The GOP’s Evolving Definition of “Advice and Consent”

Both The Hill and Politico are reporting on a letter [PDF], signed by all forty-one Republicans in the Senate, sent to President Obama yesterday warning him that they will not hesitate to filibuster his judicial nominees if they are not consulted before he makes his picks:

President Barack Obama should fill vacant spots on the federal bench with former President Bush’s judicial nominees to help avoid another huge fight over the judiciary, all 41 Senate Republicans said Monday.

In a letter to the White House, the Republican senators said Obama would “change the tone in Washington” if he were to renominate Bush nominees like Peter Keisler, Glen Conrad and Paul Diamond. And they requested that Obama respect the Senate’s constitutional role in reviewing judicial nominees by seeking their consultation about potential nominees from their respective states.

“Regretfully, if we are not consulted on, and approve of, a nominee from our states, the Republican Conference will be unable to support moving forward on that nominee,” the letter warns. “And we will act to preserve this principle and the rights of our colleagues if it is not.”

In other words, Republicans are threatening a filibuster of judges if they’re not happy.

My, how times have changed.  I seem to remember a time, just a few years ago when President Bush was in office, when the Republican understanding of the Constitution’s “advice and consent” clause was that it entitled the President to make nominations of his choosing while the Senate’s role was merely to confirm or reject his nominees.

In fact, that is exactly what they said, repeatedly.  For example, here is Sen. Orrin Hatch saying it:

It seems to me that the only way to make sense of the advice and consent role that our Constitution’s framers envisioned for the Senate is to begin with the assumption that the President’s constitutional power to nominate should be given a fair amount of deference, and that we should defeat nominees only where problems of character or inability to follow the law are evident.

In other words, the question of ideology in judicial confirmations is answered by the American people and the Constitution when the President is constitutionally elected. As Alexander Hamilton recorded for us, the Senate’s task of advice and consent is to advise and to query on the judiciousness and character of nominees, not to challenge, by our naked power, the people’s will in electing who shall nominate.

To do otherwise, it seems to me, is to risk making the federal courts an extension of this political body. This would threaten one of the cornerstones of this country’s unique success – an independent judiciary.

But it wasn’t just Republican Senators making that argument; it was the standard argument of all the conservatives who were active on the issue of judicial nominations. 

Here is John Eastman testifying [PDF] before the Senate Judiciary Committee making that point explicitly:

[R]ecent claims that the advice and consent clause gives to the Senate a co-equal role in the appointment of federal judges simply are not grounded either in the Constitution’s text or in the history and theory of the appointment’s process.
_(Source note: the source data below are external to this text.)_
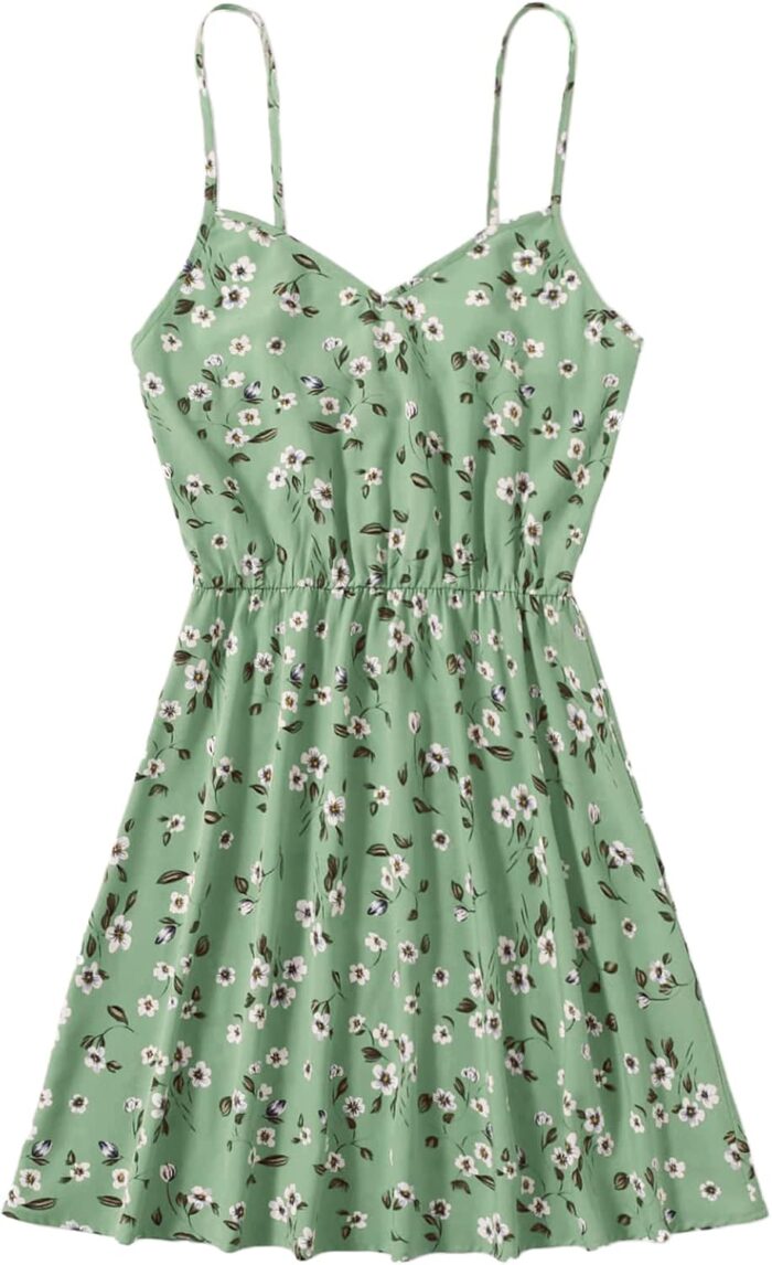 Women’s Sleeveless V Neck Daisy Floral Short A Line Swing Cami Dress
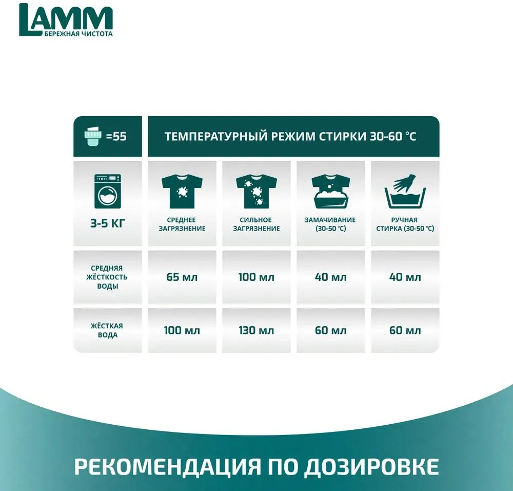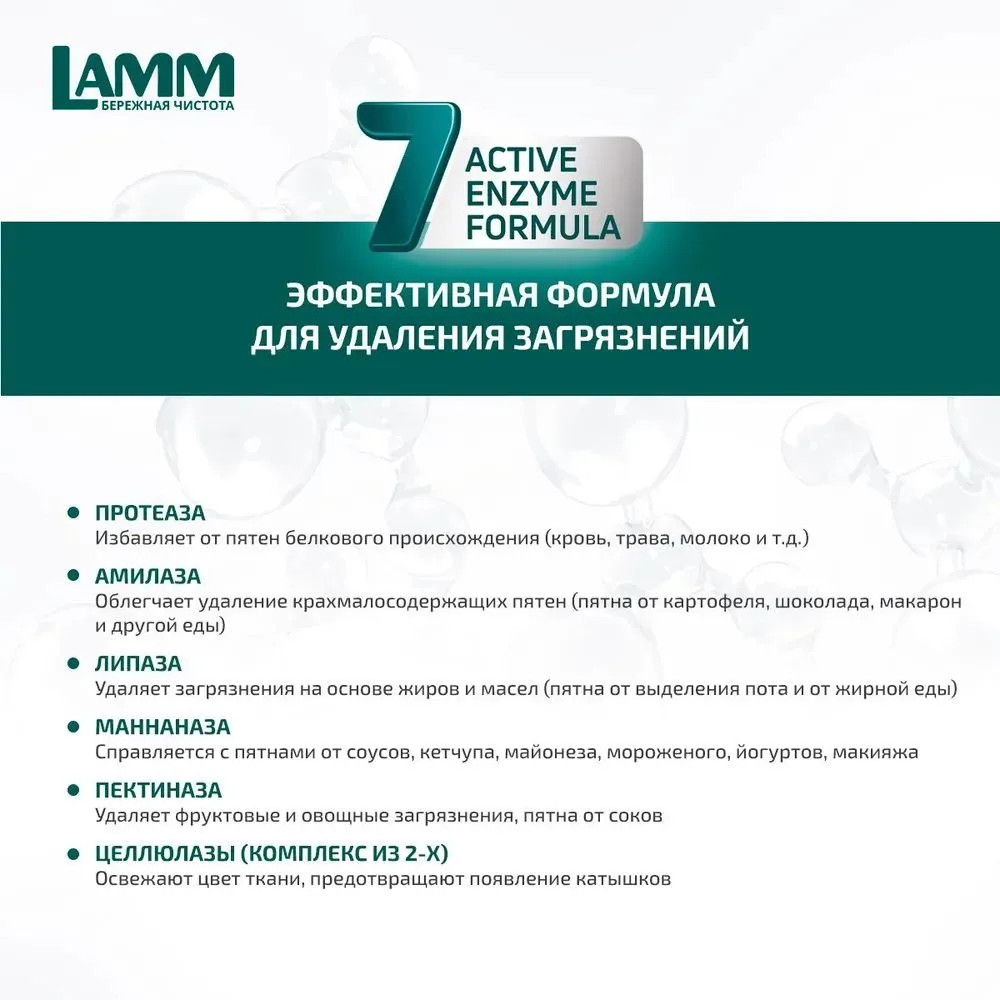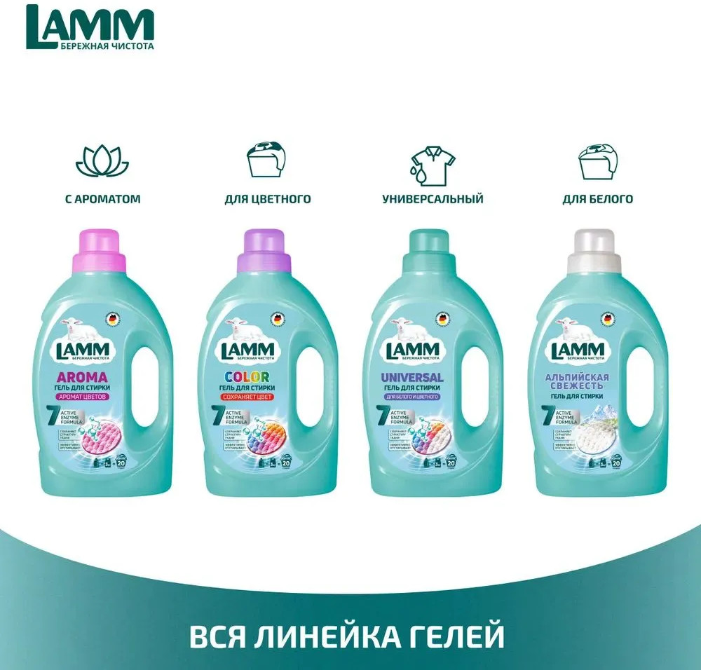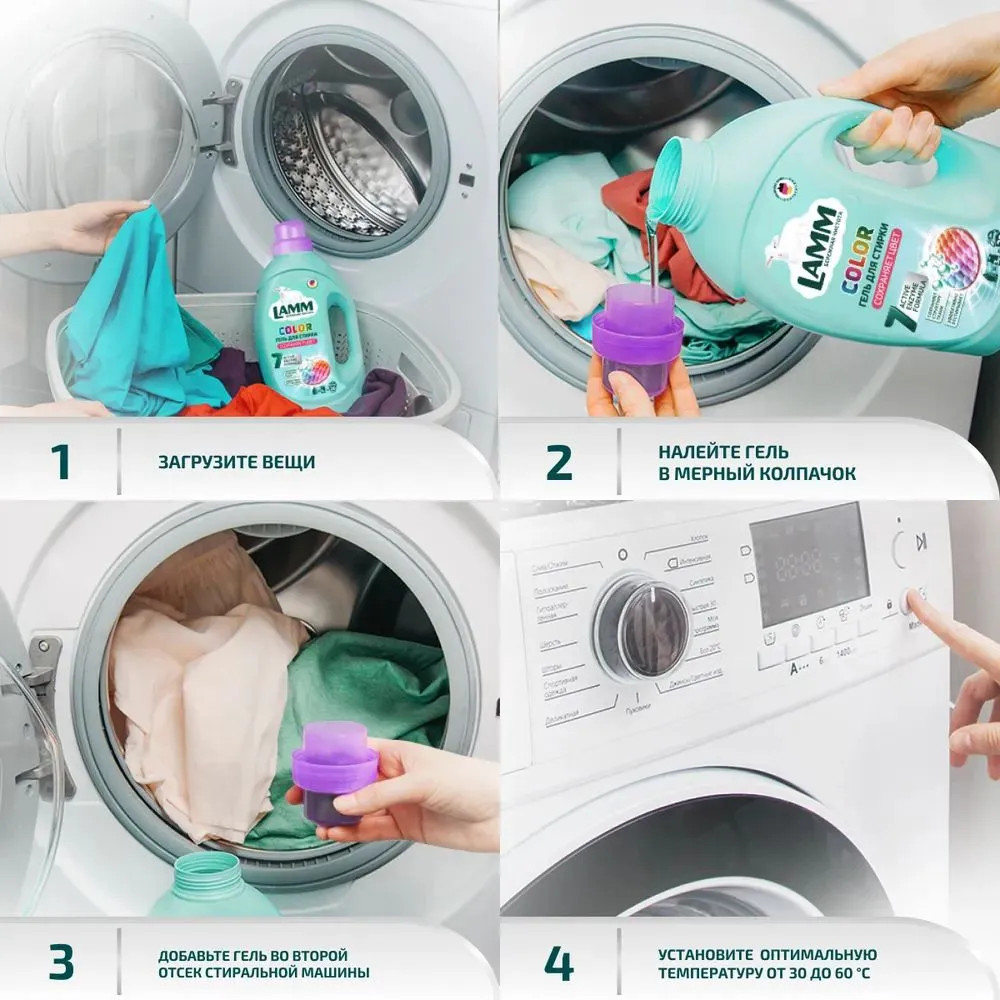 Гель для стирки Lamm «Color» с пониженным пенообразованием с биодобавками эффективно и бережно отстирывает цветные изделия из хлопчатобумажных, льняных и синтетических тканей, а также тканей из смешанных волокон в стиральных машинах любого типа и при ручной стирке. Устраняет любые неприятные запахи. Особая 7-ми компонентная формула эффективно удаляет широкий спектр многослойных пятен, включая масляные, жирные, липкие, белковые и крахмальные пятна. Входящие в состав энзимы глубоко проникают в волокна ткани, высвобождают частицы грязи и возвращают живой цвет любимым вещам, гарантируя высокое качество стирки. Средство ухаживает за тканями, благодаря чему одежда и белье становятся не только чистыми, но и приятными на ощупь. Не содержит фосфатов. Бесфосфатный гель для стирки LAMM эффективно удаляет разные типы загрязнений, благодаря 7-ми компонентной энзимной формуле.
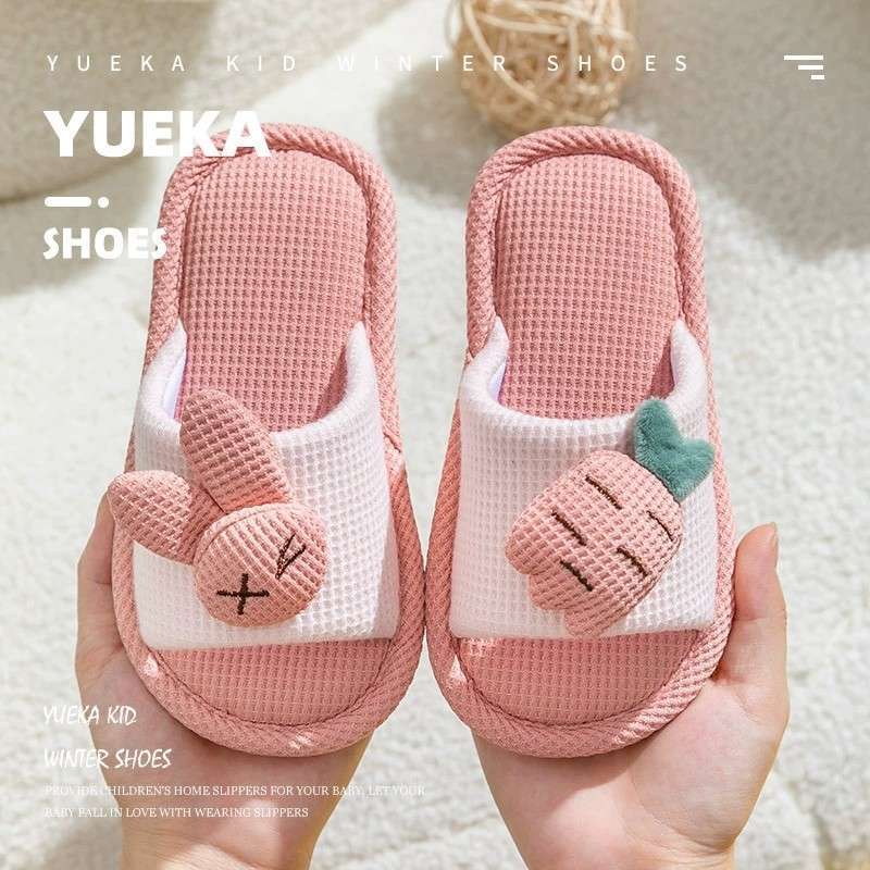 子供スリッパリネン屋内幼稚園女の子春と秋子供親子ベビー男の子床滑り止めホームシューズ
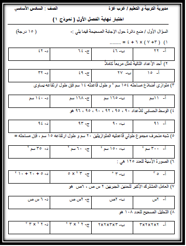 امتحانات الرياضيات للصف السادس الابتدائى الفصل الدراسى الأول
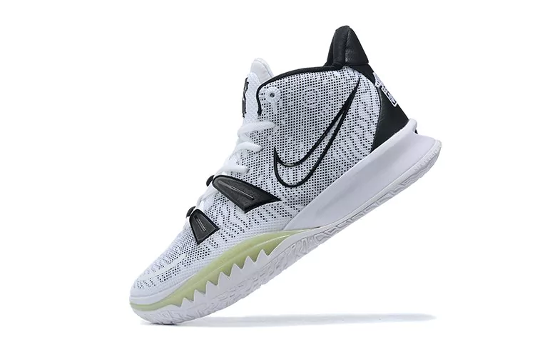 Feito para crianças grandes, o Nike Kyrie 7 GS ‘Hip-Hop’ homenageia o papel influente que o Brooklyn desempenhou na história da cultura rap. A homenagem é cimentada com um gráfico de boom box bordado no calcanhar, enquanto o esquema de cores branco e preto dá a homenagem aos Nets da cidade natal. O mid-top flutua em uma entressola de espuma resiliente, acentuada com um pop contrastante de verde menta no antepé lateral. A tração de 360 graus chega por meio de uma sola de borracha gerada por computador.
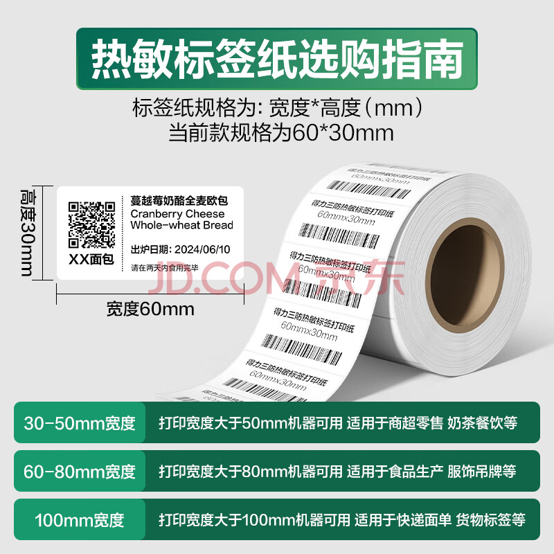商品相册:得力60*30mm 800张*1卷 珊瑚海三防热敏标签纸 食品服饰不干胶打印纸 12017【适配3寸标签机720C等】第
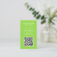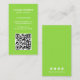 Det moderna affärskortet för lodrät med ett enkelt och minimalistiskt stil med din QR-kod på medieikoner på framsidan och social på baksidan. Allt inslag är i vitt över en grön neonkalkbakgrund. En enkel och minimal design som kan anpassas för alla professioneller inom företaget.

And here he is making it again:

Article II of the Constitution provides that the President “shall nominate, and by and with the Advice and Consent of the Senate, shall appoint…Judges of the supreme Court [and such inferior courts as the Congress may from time to time ordain and establish].” As the text of the provision makes explicitly clear, the power to choose nominees — to “nominate” — is vested solely in the President, and the President also has the primary role to “appoint,” albeit with the advice and consent of the Senate. The text of the clause itself thus demonstrates that the role envisioned for the Senate was a much more limited one than is currently being claimed.

Here is the same point being made by the Judicial Confirmation Network:

“It is apparent from the rhetoric included in the ‘Memorandum of Understanding’ that at least 14 Senators – the signers of this compromise – fail to understand the Constitution’s ‘advice and consent’ clause. Article II, Section 2 of the Constitution reads: ‘[The President] shall nominate, and by and with the Advice and Consent of the Senate, shall appoint Ambassadors, other public Ministers and Consuls, Judges of the supreme Court .’ The Senate’s advice and consent role is part of the ‘appointment’ process, not the ‘nomination’ process, which the Constitution commits solely to the President.”

And here it is once again, this time being made by Steven Calabresi, who just so happens to have been a co-founder of the Federalist Society:

The President was supposed to play a leading role in the selection of judges and that role is defeated by giving a minority of senators a veto over presidential nominees.

Second, giving a minority of Senators a veto over judicial nominees will violate the separation of powers by giving a Senate minority the power to impose a crude litmus test on judicial nominees, thus undermining judicial independence.

I could go on, but I think you get the point.

Isn’t it amazing how, just a few years removed from arguing that the Senate’s sole role in the confirmation process was to either confirm or reject nominees and trying to blow up the Senate with the “nuclear option” in order to get rid of the filibuster, the Republicans in the Senate are now demanding a veto over the President’s nominees and threatening to filibuster if they don’t get their way?